The lines in the listing below are to be given again exactly, starting at the line holding "The script have" and ending at the line holding "El Armario Columna". Do not include pictures.

:: Provided material ::
+++

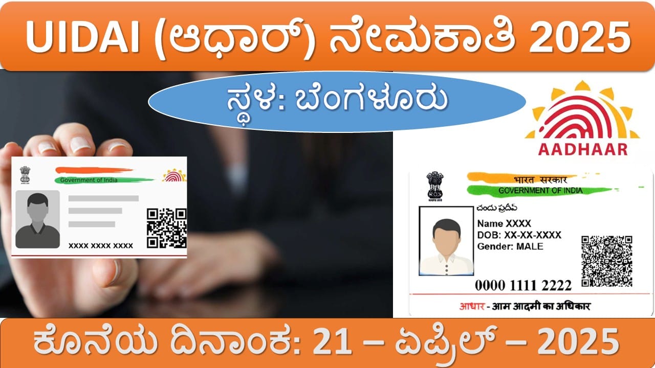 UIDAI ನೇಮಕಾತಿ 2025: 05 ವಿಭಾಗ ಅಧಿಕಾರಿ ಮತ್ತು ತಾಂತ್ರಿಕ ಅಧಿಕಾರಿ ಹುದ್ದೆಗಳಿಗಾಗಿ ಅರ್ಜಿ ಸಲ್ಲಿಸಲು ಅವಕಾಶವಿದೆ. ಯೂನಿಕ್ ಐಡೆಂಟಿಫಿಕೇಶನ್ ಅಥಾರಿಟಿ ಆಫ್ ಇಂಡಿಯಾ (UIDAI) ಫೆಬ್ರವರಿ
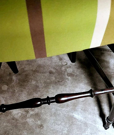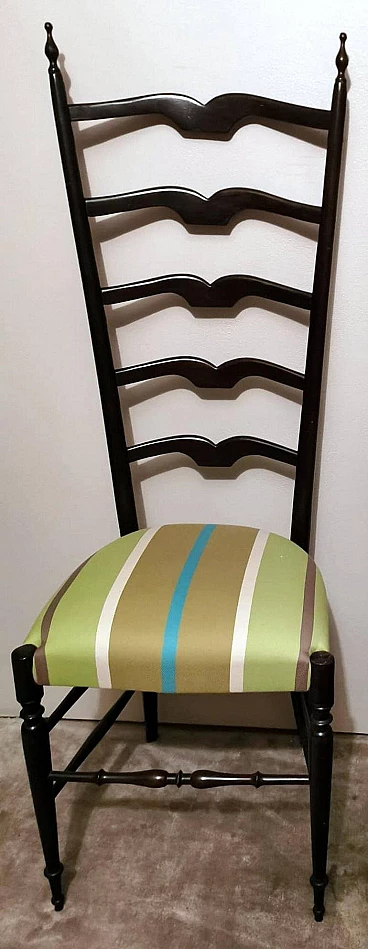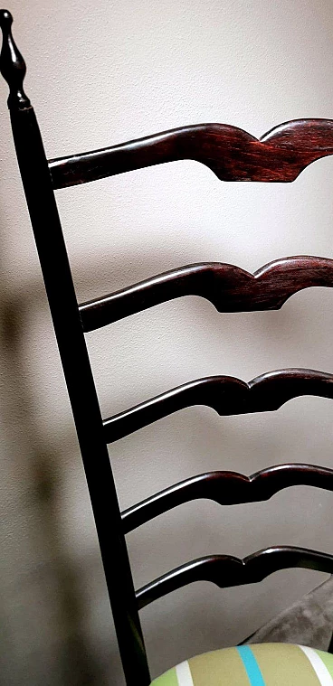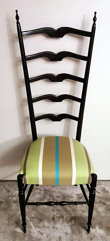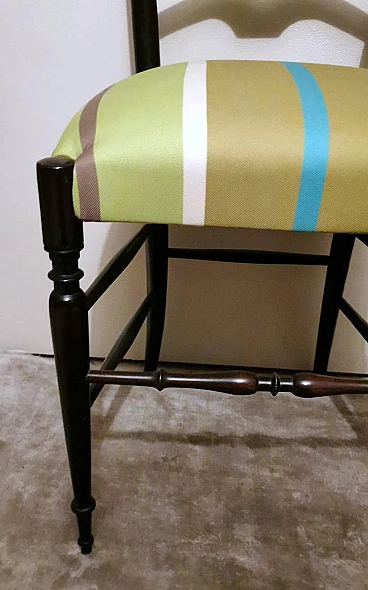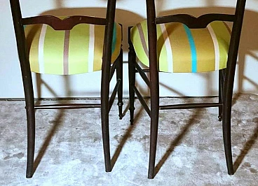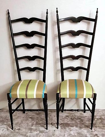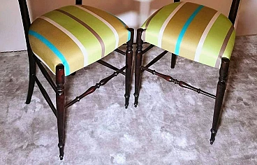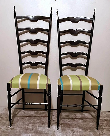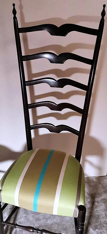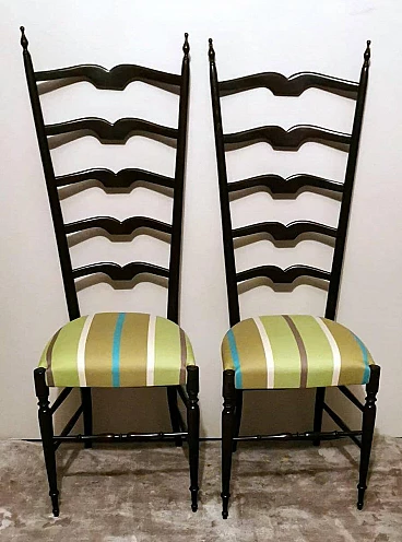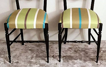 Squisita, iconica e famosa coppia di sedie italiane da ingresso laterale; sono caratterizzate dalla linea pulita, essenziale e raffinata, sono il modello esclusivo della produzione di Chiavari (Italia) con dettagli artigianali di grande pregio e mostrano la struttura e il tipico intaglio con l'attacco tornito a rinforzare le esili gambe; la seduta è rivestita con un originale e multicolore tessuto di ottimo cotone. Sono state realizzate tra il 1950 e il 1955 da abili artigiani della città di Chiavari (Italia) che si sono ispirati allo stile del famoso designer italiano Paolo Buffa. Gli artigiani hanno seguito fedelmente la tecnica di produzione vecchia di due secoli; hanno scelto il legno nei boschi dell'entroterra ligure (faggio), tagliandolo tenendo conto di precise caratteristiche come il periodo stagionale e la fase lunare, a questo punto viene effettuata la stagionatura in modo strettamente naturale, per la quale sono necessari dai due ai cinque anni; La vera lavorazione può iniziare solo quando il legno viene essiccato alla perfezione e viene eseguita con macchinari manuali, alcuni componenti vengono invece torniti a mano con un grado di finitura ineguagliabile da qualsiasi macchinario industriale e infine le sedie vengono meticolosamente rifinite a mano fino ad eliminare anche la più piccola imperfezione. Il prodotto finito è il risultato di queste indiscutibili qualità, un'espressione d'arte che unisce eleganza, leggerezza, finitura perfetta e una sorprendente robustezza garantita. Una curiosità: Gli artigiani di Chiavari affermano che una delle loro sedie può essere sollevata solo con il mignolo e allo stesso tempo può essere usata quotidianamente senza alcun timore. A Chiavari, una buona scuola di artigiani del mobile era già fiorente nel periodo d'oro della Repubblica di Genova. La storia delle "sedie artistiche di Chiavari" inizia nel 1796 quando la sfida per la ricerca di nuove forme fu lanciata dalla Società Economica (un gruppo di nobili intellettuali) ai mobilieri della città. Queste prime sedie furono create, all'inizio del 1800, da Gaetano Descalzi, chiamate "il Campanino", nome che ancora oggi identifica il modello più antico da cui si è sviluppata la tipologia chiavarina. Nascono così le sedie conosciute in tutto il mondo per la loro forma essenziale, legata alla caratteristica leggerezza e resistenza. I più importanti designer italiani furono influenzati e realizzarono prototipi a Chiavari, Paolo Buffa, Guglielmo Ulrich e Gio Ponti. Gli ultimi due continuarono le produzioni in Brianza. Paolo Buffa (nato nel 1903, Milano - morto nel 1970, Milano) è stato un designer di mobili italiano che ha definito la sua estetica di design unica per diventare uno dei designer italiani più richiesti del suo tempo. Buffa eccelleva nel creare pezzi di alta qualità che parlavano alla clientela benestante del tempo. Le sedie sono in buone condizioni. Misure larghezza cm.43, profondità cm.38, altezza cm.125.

+++

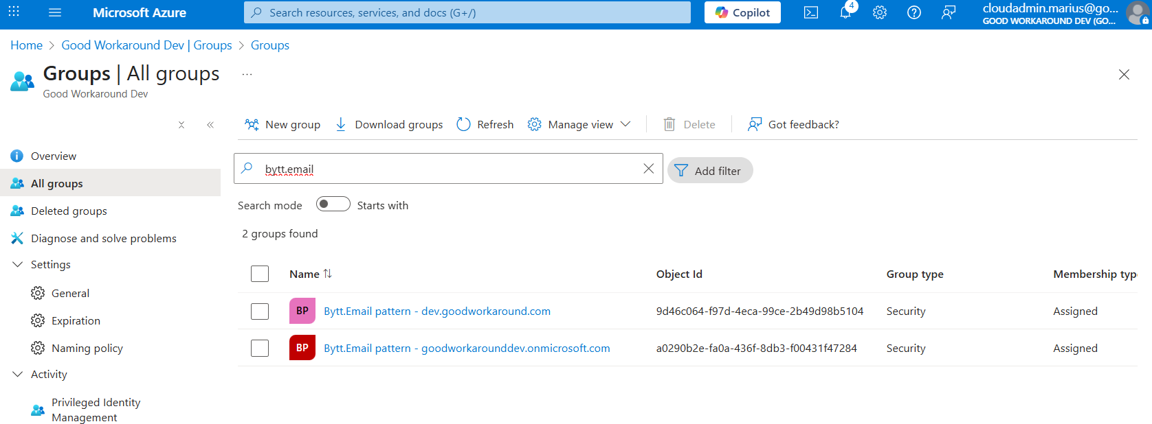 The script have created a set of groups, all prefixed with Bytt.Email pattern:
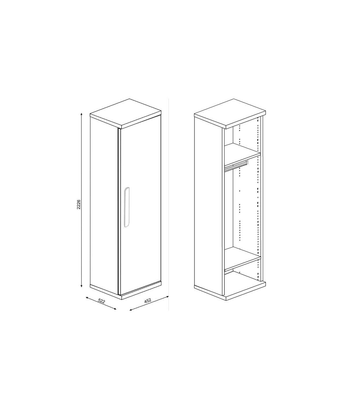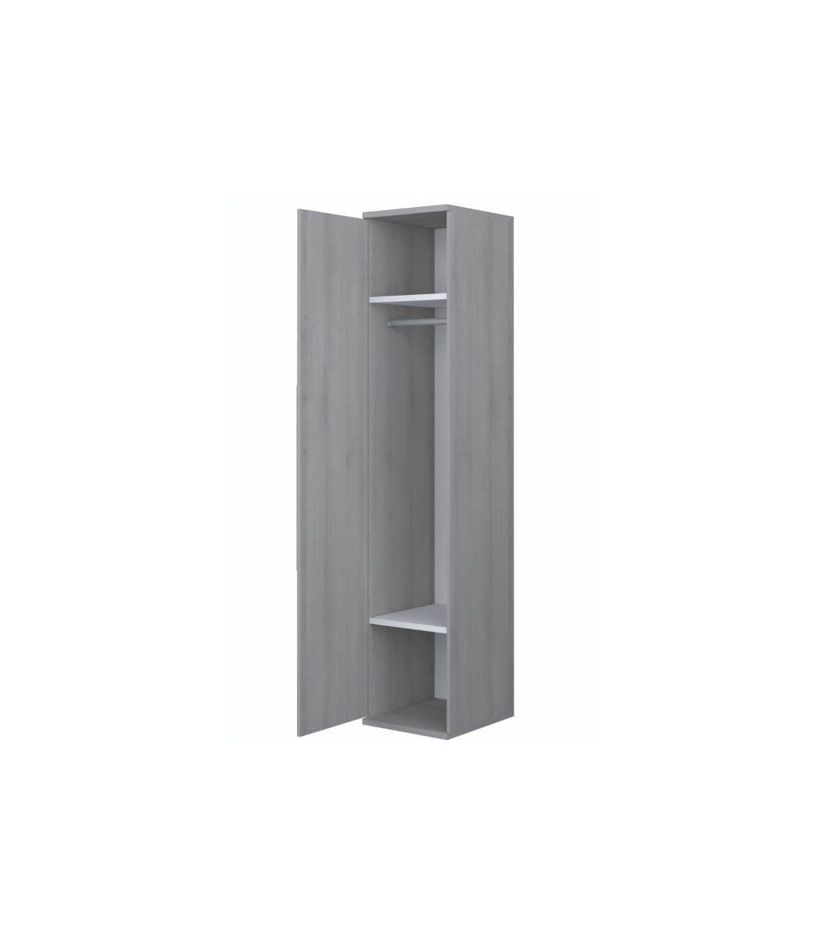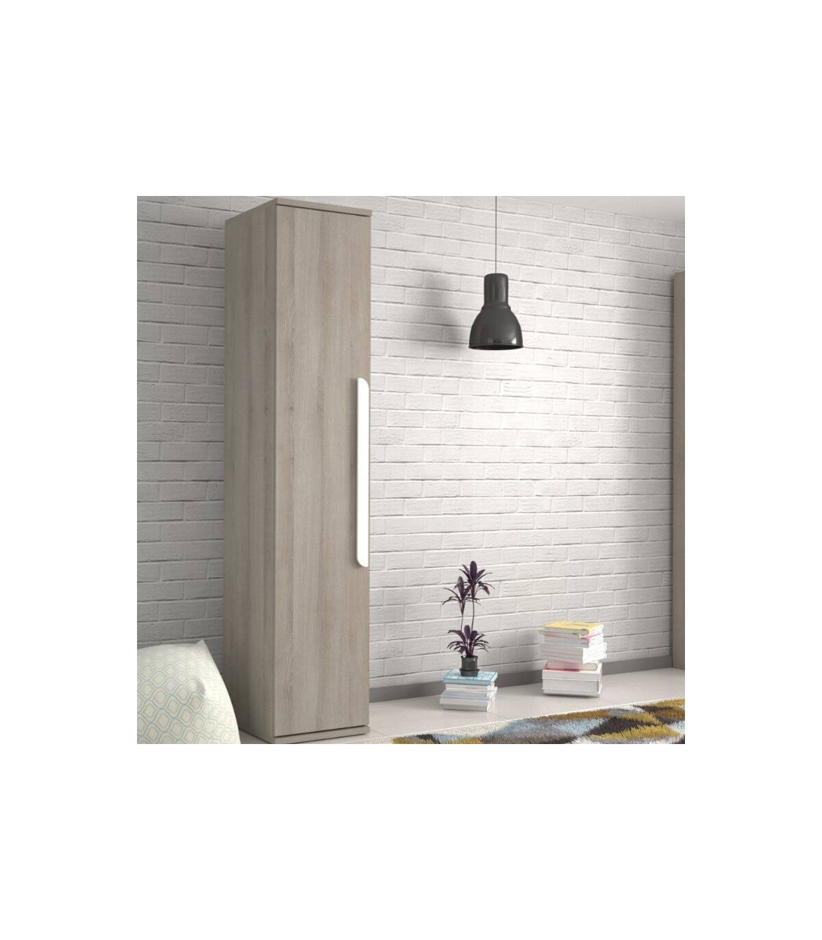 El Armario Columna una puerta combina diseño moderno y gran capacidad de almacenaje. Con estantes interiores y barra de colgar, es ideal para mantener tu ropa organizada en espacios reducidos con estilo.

+++

:: Output for this exercise ::
 The script have created a set of groups, all prefixed with Bytt.Email pattern:
 El Armario Columna una puerta combina diseño moderno y gran capacidad de almacenaje. Con estantes interiores y barra de colgar, es ideal para mantener tu ropa organizada en espacios reducidos con estilo.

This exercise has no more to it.